As you can see, the building substance falls into increasing disrepair. All over the house there are holes in the floors or in the ceilings. Due to moisture, mold has penetrated the walls by now. This structure is under monumental protection but nevertheless, it's rotting away. The costs for maintenance are probably simply way too high. Maybe this forced the owner into bankruptcy and the whole compound along with the valuables are now belonging to the bank. This would at least explain why everything was left behind.


Trophy Hunter #21 Big Game

After a long exploration, we left the historical manor. We have locked the window behind us again, so nature can't creep in and accelerate the decay even more. For us, this was the successful conclusion of an epic adventure. Although this place left us pondering again. The fact, that such time capsules exist is still a mystery to us. Who was living here until a few years ago? And what happened to the family? This hobby is always taking us to the most fascinating places.

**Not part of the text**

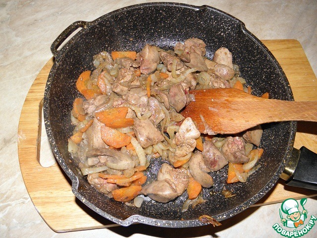 Печенку промыть, очистить, нарезать на 3-4 части, добавить к почти готовым моркови с луком.

If you want to see more of this crazy place, you can do it right now. We have produced a documentary about this exploration:


----------



## HughieD (Sep 17, 2019)

You really do find the most amazing places and write the best reports...


----------



## Dirus_Strictus (Sep 18, 2019)

Very sadly I have been in a position to meet people who walked away from Continental properties like this, with a suitcase and the clothes on their backs. Better poverty than death in a Communist prison - as the Czech regime closed in on the countries Intellectuals, or the Poles who escaped the Nazis persecutions and then the Soviet houndings after WW2. The Poles worked in our local pits as did a some of the Czech menfolk and a number of both nationalities lived in the area I grew up in.

As for the vehicle - The tyres are well inflated, and actually that amount of dirt and debris does not take long to accumulate in a dirty, draughty atmosphere. So I do wonder if it has nothing to do with the 'owners' of the residence, and maybe the local 'car thief' has hidden it away?


----------



## Sabtr (Sep 18, 2019)

Funny you should say that Dirus: I spotted other more recent things in there and was thinking it was stolen goods haha!

Some of the rooms have a wonderful '70s' colour to them. I'm unsure if it's the image processing or the actual rooms. I think the latter.
They were turbulent parts not that long ago and I do wonder if they fled.


----------